Criterion will generate detailed HTML reports (including plots) under
`target/criterion/`, which you can open in a browser for full performance
breakdowns.

## Module Layout

- `src/dijkstra/`: Core Dijkstra implementation and heap-specific wrappers.
  - `mod.rs`: Generic `dijkstra<Q: PriorityQueue>` function (works with any heap).
  - `heap_trait.rs`: `PriorityQueue` trait for abstracting over heap implementations.
  - `binary.rs`: Binary heap wrapper (`dijkstra_binary`).
  - `fib.rs`: Fibonacci heap wrapper (`dijkstra_fibonacci`).
  - `fib_unsafe.rs`: Unsafe Fibonacci heap wrapper (`dijkstra_fibonacci_unsafe`).
  - `pairing.rs`: Pairing heap wrapper (`dijkstra_pairing`).
  - `radix.rs`: Radix heap wrapper (`dijkstra_radix`).
  - `dial.rs`: Dial's algorithm wrapper (`dijkstra_dial`).
  - Also contains graph parsing, validation, and tests.
- `src/fibonacci/`: Fibonacci heap implementations.
  - `heap.rs`: `Rc<RefCell>`-based heap (`Node`, `FibonacciHeap`).
  - `heap_unsafe.rs`: unsafe heap (`UnsafeNode`, `UnsafeFibonacciHeap`).
- `src/pairing/`: Pairing heap implementation.
  - `heap.rs`: pairing heap (`Node`, `PairingHeap`).
- `src/radix/`: Radix heap implementation.
  - `heap.rs`: radix heap (`RadixHeap`, `RadixHandle`).
- `src/dial/`: Dial's algorithm implementation.
  - `heap.rs`: bucket-based heap (`DialHeap`, `DialHandle`).

**Architecture:**

The project uses a trait-based design where all heap types implement the `PriorityQueue` trait, allowing a single generic Dijkstra implementation to work with any heap type.

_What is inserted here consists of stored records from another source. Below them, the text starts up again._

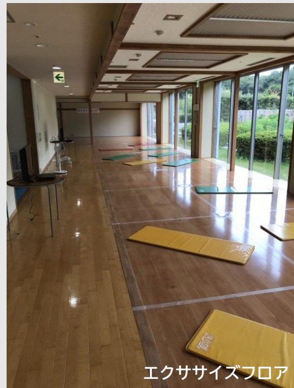
エクササイズフロア
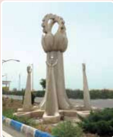
شکل ۳-۱۴- ورودی شهرک صنعتی اشتهارد

شهرک صنعتی اشتهارد: این شهرک به علت دسترسی به راه‌های ارتباطی و زمین‌های بایر و وسیع در مسیر جاده اشتهارد- بومین زهرا مکان‌یابی شد و در حال حاضر با داشتن ۵۲۵ واحد صنعتی فعال (فلزی - غذایی - شیمیایی و...) از اصلی‌ترین مناطق صنعتی کشور محسوب می‌شود.
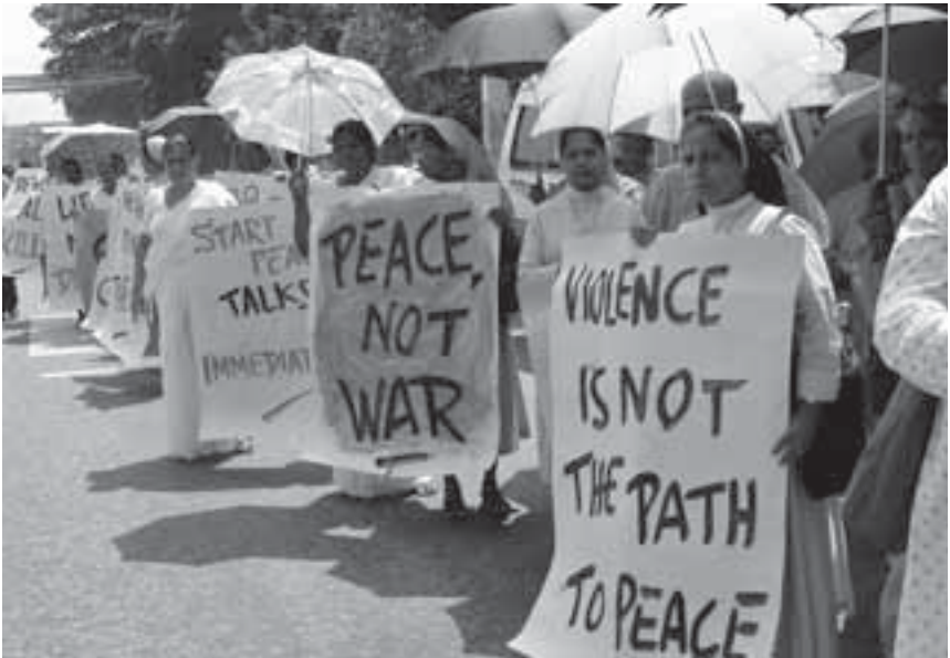
Perempuan menuntut dialog selama sebuah demonstrasi menentang perang di Kolombo, 23 Januari, 2006. Pemberontak Macan Tamil diduga telah menyerang dan membunuh tiga orang tentara di bagian timur beberapa hari sebelumnya, ketika perantara perdamaian Nowergia masuk untuk memulai sebuah upaya terakhir untuk mencegah terjadinya kembali perang sipil.

rapuh dan tidak dapat menjadi satu-satunya cara untuk melindungi kepentingan perempuan. Mereka tidak dapat dianggap sebagai pengganti bagi mobilisasi perempuan yang aktif dan independen dan lobi yang terus-menerus untuk proses representatif dan inklusi yang menghormati dan menjamin hak-hak asasi manusia dan demokrasi dan menjamin penciptaan perdamaian yang berkelanjutan dan transformatif.

## Correctness, bugs, and security

This project aims to be **correct and well-tested**, but it is still an experimental “lab”
for comparing heap implementations.

- **Correctness**: All heaps are exercised by unit tests and cross-checked in benchmarks so
  that they produce the same shortest-path **distance** on the same graphs. The unsafe
  Fibonacci heap is kept in sync with the safe variant via these tests.
- **Bugs**: If you find a bug (wrong path, wrong distance, panic, etc.), please open an
  issue with:
  - the exact input file (or a minimal reproducer),
  - which heap you were using (`--heap` value),
  - the observed output and the expected one.
  This makes it much easier to reproduce and fix the problem.
- **Security**: The code is intended for offline graph experiments, not for processing
  untrusted input in production services. There is an `unsafe` Fibonacci heap implementation;
  it is tested and benchmarked, but should be treated with the usual care that any `unsafe`
  code deserves.

If you believe you have found a **security-relevant** issue, please avoid posting full
exploits publicly; instead, report the details privately (for example via the repository’s
security contact or a private issue if available).